Task directions -> What you return must match the listing below line for line, minus its pictures.

Provided material ->
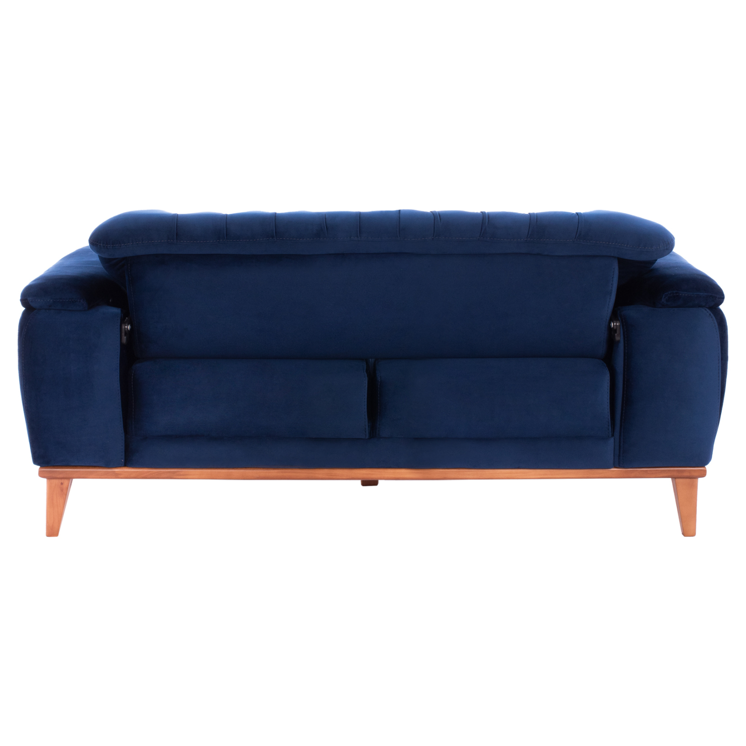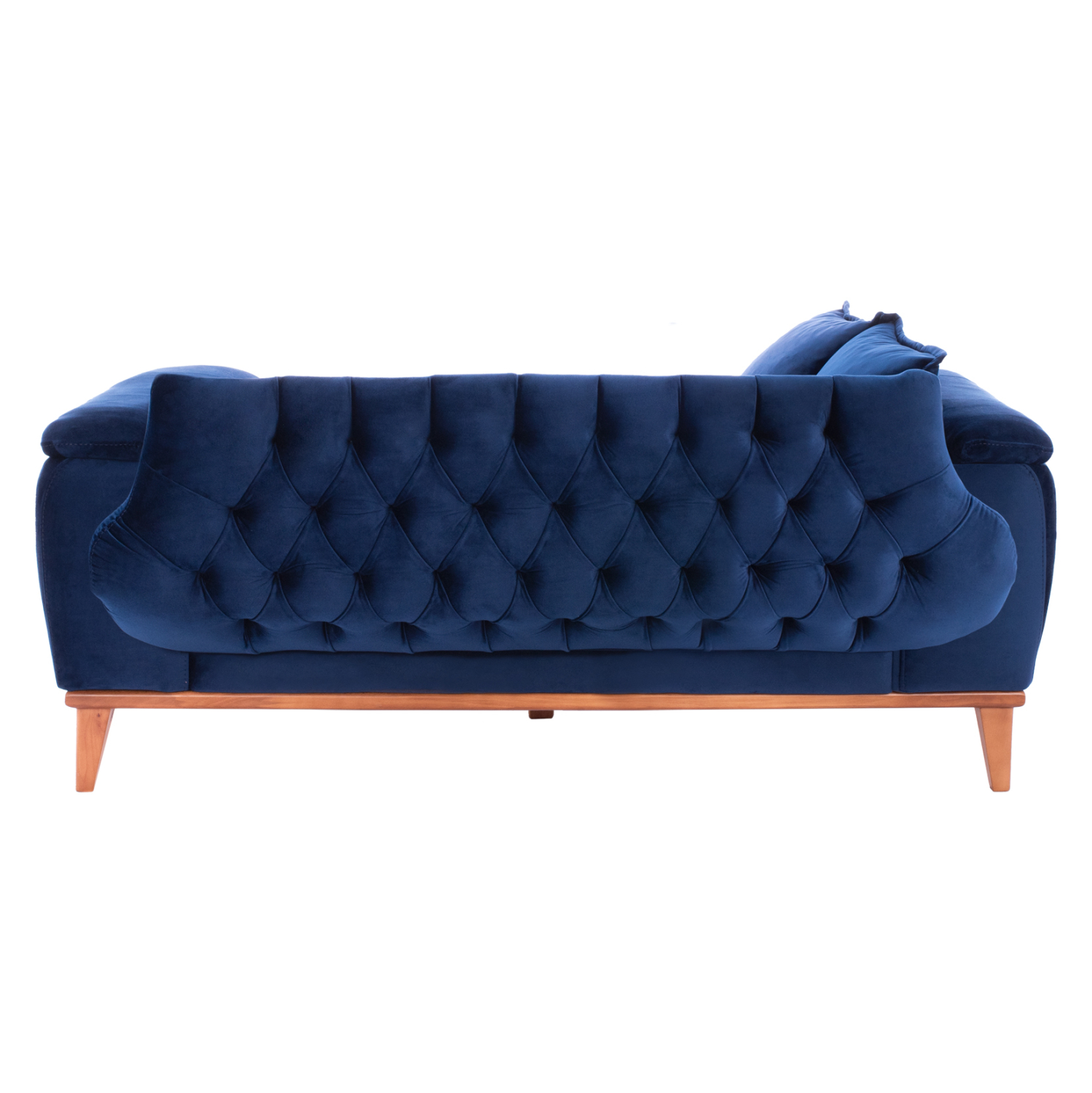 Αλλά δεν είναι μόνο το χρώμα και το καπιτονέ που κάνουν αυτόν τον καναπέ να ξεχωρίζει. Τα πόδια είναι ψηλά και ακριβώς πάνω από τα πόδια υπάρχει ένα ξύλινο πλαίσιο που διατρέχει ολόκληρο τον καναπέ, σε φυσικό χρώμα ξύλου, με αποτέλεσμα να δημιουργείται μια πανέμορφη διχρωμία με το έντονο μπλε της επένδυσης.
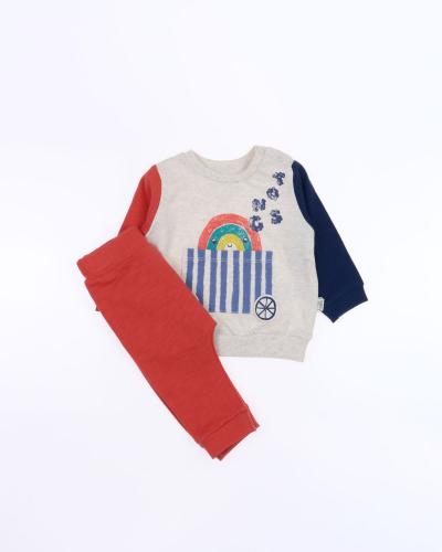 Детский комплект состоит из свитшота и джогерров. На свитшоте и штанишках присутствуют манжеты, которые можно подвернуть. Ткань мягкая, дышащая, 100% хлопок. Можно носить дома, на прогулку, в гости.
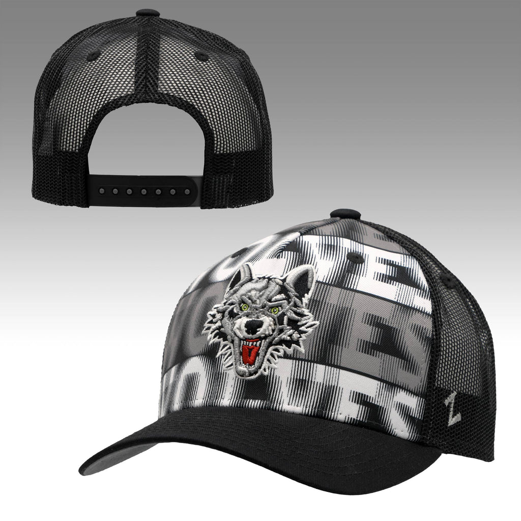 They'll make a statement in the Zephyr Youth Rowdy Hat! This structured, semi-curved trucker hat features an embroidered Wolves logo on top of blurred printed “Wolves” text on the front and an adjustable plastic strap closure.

Written response ->
 Αλλά δεν είναι μόνο το χρώμα και το καπιτονέ που κάνουν αυτόν τον καναπέ να ξεχωρίζει. Τα πόδια είναι ψηλά και ακριβώς πάνω από τα πόδια υπάρχει ένα ξύλινο πλαίσιο που διατρέχει ολόκληρο τον καναπέ, σε φυσικό χρώμα ξύλου, με αποτέλεσμα να δημιουργείται μια πανέμορφη διχρωμία με το έντονο μπλε της επένδυσης.
 Детский комплект состоит из свитшота и джогерров. На свитшоте и штанишках присутствуют манжеты, которые можно подвернуть. Ткань мягкая, дышащая, 100% хлопок. Можно носить дома, на прогулку, в гости.
 They'll make a statement in the Zephyr Youth Rowdy Hat! This structured, semi-curved trucker hat features an embroidered Wolves logo on top of blurred printed “Wolves” text on the front and an adjustable plastic strap closure.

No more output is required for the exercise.